Some limitations of this review itself must also be noted. First, this is not a systematic review of the literature and, therefore, relevant studies may have been excluded from our search. However, our aim was to conduct a scoping review, mapping the research field to identify key concepts and relevant findings from previous studies. In addition, we used up-to-date methodology following a structured guideline procedure.22 Second, deciphering specific regional positive or negative connectivity patterns using graph theory approaches and ICA may not be as straightforward as in seed-based analysis. Some network measures, for instance, add the absolute value of both positive and negative correlation values (i.e., connections, edges).32 Furthermore, we categorized findings according to the triple-network model, which considered various brain regions as part of the DMN, CCN, or SN. This classification is arbitrary and may have limited interpretations regarding other brain networks and specific ROIs. Third, the present review excluded findings from interventional MDD studies. However, our literature search retrieved some interesting examples on how brain connectivity is associated with treatment response to antidepressants and psychotherapy.87-89 Understanding neural changes that can be normalized with treatment may boost information from observational studies (for review, see Chahal et al.90). Lastly, LMIC were underrepresented among the included studies. In a recent review, Battel et al.91 found that less than one-fifth of studies on the topic were from LMIC. Interestingly, these countries are home to the vast majority (around 90%) of the world’s adolescent population.91 Collaboration among research centers, especially in these countries, and even across broader regions (for instance, Latin America), could surpass funding difficulties experienced by these centers and increase substantially our understanding of functional connectivity in adolescent depression, providing very valuable data.

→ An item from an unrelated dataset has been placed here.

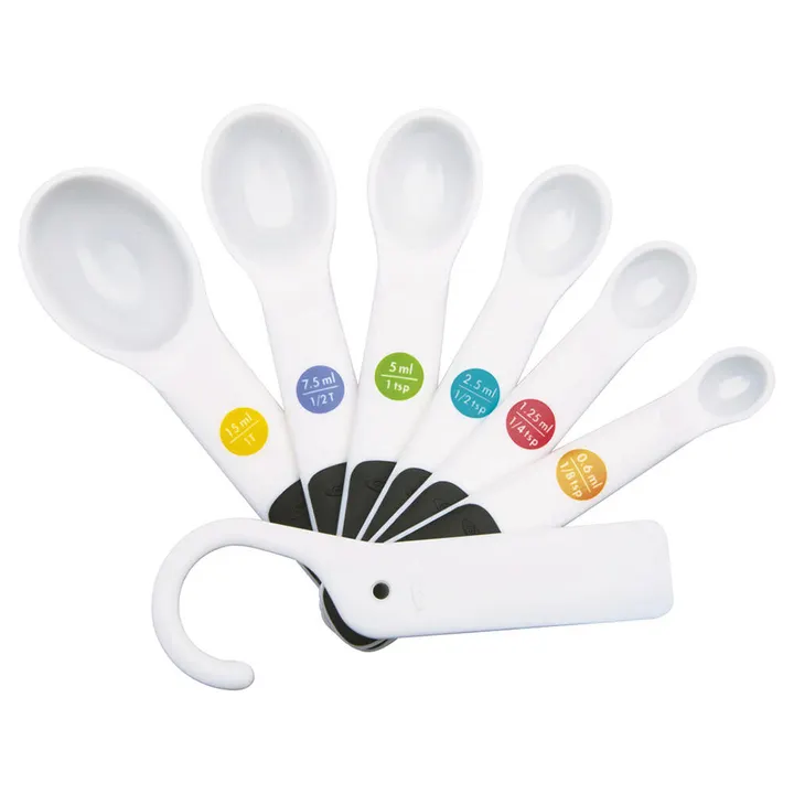 注意書き:食器洗乾燥機使用可、漂白可 セット内容:大さじ1、大さじ1/2、小さじ1、小さじ1/2、小さじ1/4、小さじ1/8、すり切りプレート 耐熱・耐冷温度:120℃ 仕様:食器洗浄乾燥機

In this scoping review, we charted key concepts and research findings from adolescent MDD rs-fMRI studies. We found that three main sets of methods were used in the rs-fMRI MDD literature: seed-based analysis, ICA, and network approaches. In addition, Menon’s triple-network model for neuropsychiatric disorders 6 was considered acceptable to categorize longitudinal findings from studies in adolescent MDD. The evidence so far suggests that dysfunctional connectivity within and between the DMN, the CCN, and the SN precedes adolescent-onset MDD. The heterogeneity of methodological approaches may have limited direct comparisons between studies. Future studies should address previous weaknesses, such as the limited number of repeated fMRI scans during follow-up, as well as medication use. Finally, the research field should consider some level of harmonization for clinical instruments and neuroimaging methods, as proposed by initiatives such as Enhancing Neuro Imaging Genetics Through Meta Analysis (ENIGMA).92,93

Disclosure

RAB has received research grants from Janssen Cilag, Novartis, and Roche; has been a forum consultant for Janssen, Novartis, and Roche; and has participated in speaker bureaus for Ache, Janssen, Lundbeck, and Novartis. PMP has received payment or honoraria for lectures and presentations in educational events for Sandoz, Daiichi Sankyo, Eurofarma, Abbott, Libbs, Instituto Israelita de Pesquisa e Ensino Albert Einstein, and Instituto D'Or de Pesquisa e Ensino. The other authors report no conflicts of interest.